• **WORK TO BE COMPLETED**
Images should be omitted while the rest of the data is duplicated exactly.

• **DATA EXCERPTS**

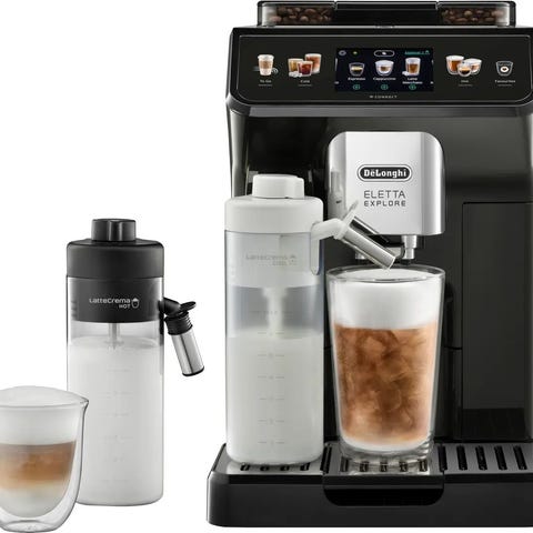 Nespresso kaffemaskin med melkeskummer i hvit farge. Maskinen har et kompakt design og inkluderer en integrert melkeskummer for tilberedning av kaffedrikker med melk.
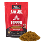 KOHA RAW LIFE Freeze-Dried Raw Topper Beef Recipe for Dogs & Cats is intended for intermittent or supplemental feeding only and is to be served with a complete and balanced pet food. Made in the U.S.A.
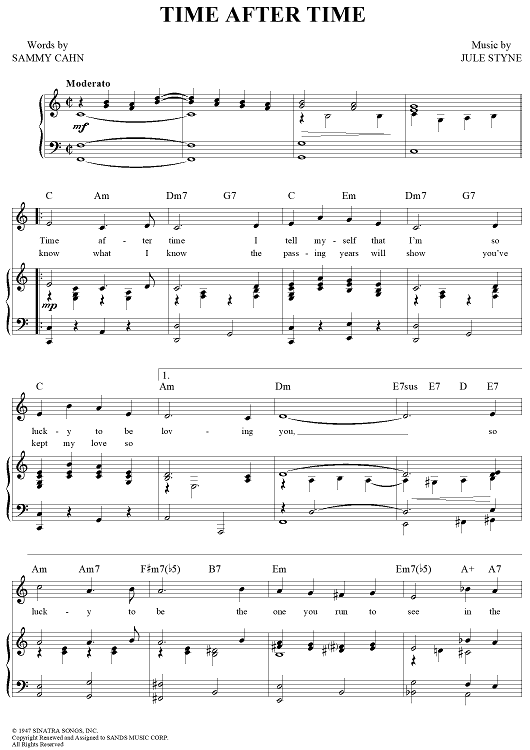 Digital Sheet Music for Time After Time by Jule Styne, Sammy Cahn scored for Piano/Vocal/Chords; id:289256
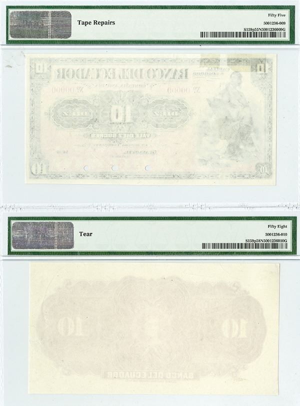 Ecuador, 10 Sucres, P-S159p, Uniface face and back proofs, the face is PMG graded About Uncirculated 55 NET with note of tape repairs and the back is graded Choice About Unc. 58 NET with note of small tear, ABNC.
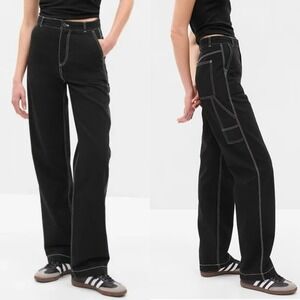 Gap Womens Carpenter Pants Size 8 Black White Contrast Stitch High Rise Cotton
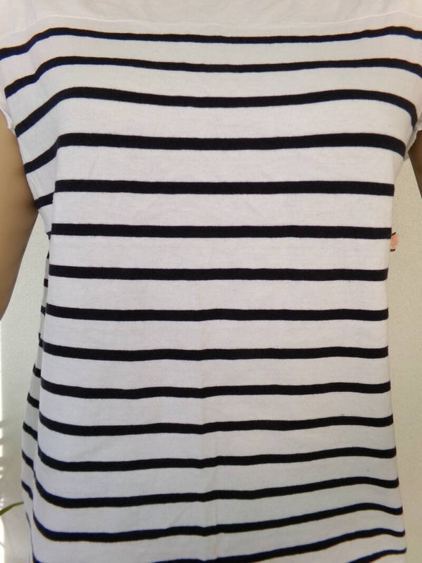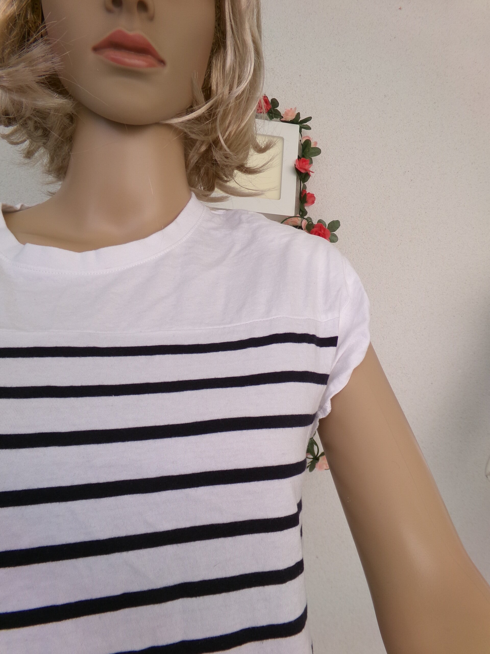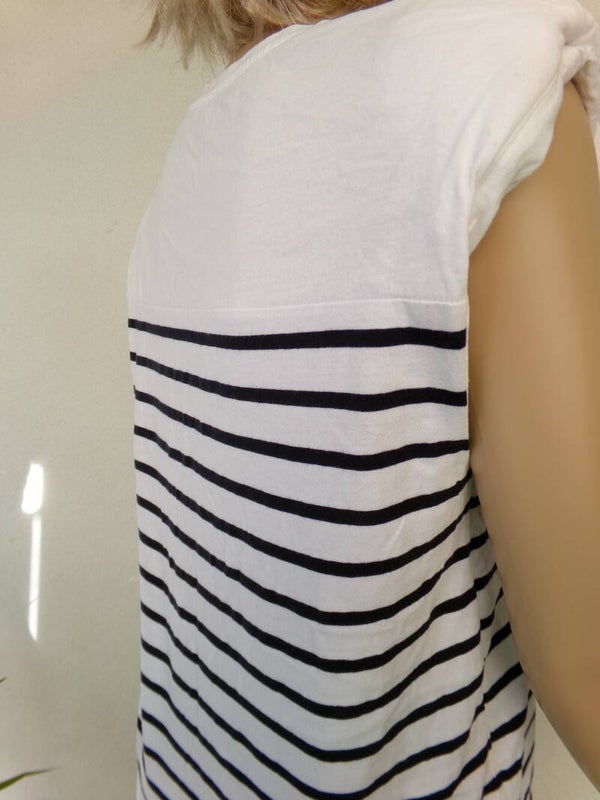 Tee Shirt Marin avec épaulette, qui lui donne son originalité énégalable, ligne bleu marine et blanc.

• **PROBLEM SOLUTION**
 Nespresso kaffemaskin med melkeskummer i hvit farge. Maskinen har et kompakt design og inkluderer en integrert melkeskummer for tilberedning av kaffedrikker med melk.
 KOHA RAW LIFE Freeze-Dried Raw Topper Beef Recipe for Dogs & Cats is intended for intermittent or supplemental feeding only and is to be served with a complete and balanced pet food. Made in the U.S.A.
 Digital Sheet Music for Time After Time by Jule Styne, Sammy Cahn scored for Piano/Vocal/Chords; id:289256
 Ecuador, 10 Sucres, P-S159p, Uniface face and back proofs, the face is PMG graded About Uncirculated 55 NET with note of tape repairs and the back is graded Choice About Unc. 58 NET with note of small tear, ABNC.
 Gap Womens Carpenter Pants Size 8 Black White Contrast Stitch High Rise Cotton
 Tee Shirt Marin avec épaulette, qui lui donne son originalité énégalable, ligne bleu marine et blanc.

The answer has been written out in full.